*** SOURCE INFORMATION ***

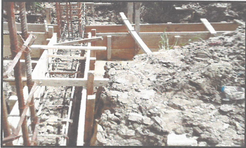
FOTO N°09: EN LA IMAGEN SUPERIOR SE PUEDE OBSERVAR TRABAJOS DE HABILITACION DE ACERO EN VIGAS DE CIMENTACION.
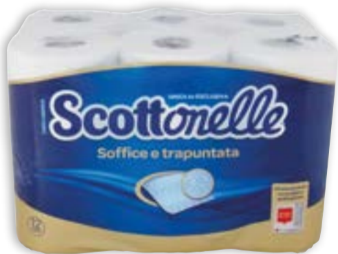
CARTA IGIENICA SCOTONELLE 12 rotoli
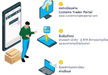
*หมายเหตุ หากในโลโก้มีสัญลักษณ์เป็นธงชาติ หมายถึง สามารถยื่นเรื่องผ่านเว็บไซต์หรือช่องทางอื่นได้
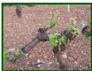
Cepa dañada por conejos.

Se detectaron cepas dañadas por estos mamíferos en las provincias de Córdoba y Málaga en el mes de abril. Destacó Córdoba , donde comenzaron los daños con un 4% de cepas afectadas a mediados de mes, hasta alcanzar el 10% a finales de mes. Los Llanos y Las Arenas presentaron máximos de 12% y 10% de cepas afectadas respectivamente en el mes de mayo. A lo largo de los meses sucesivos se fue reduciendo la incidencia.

***
*** SOURCE INFORMATION ***

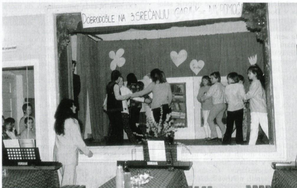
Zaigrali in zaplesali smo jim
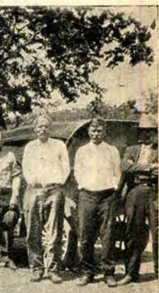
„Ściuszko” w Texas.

***
*** SOURCE INFORMATION ***

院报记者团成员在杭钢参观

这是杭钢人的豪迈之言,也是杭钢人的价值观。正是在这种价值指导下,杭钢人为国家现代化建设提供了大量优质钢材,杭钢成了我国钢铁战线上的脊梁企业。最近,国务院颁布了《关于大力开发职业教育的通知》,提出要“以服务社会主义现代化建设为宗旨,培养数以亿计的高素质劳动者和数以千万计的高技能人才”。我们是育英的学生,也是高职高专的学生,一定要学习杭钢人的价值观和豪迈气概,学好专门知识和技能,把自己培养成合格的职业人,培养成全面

***

● **DESCRIPTION OF THE TASK**
Only the lines starting at the one with "FOTO N°09: EN" and ending at the one with "Se detectaron cepas" should be printed, each exactly as it appears in the material above; the pictures are to be omitted.

● **EXPECTED ANSWER**
FOTO N°09: EN LA IMAGEN SUPERIOR SE PUEDE OBSERVAR TRABAJOS DE HABILITACION DE ACERO EN VIGAS DE CIMENTACION.
CARTA IGIENICA SCOTONELLE 12 rotoli
*หมายเหตุ หากในโลโก้มีสัญลักษณ์เป็นธงชาติ หมายถึง สามารถยื่นเรื่องผ่านเว็บไซต์หรือช่องทางอื่นได้
Cepa dañada por conejos.

Se detectaron cepas dañadas por estos mamíferos en las provincias de Córdoba y Málaga en el mes de abril. Destacó Córdoba , donde comenzaron los daños con un 4% de cepas afectadas a mediados de mes, hasta alcanzar el 10% a finales de mes. Los Llanos y Las Arenas presentaron máximos de 12% y 10% de cepas afectadas respectivamente en el mes de mayo. A lo largo de los meses sucesivos se fue reduciendo la incidencia.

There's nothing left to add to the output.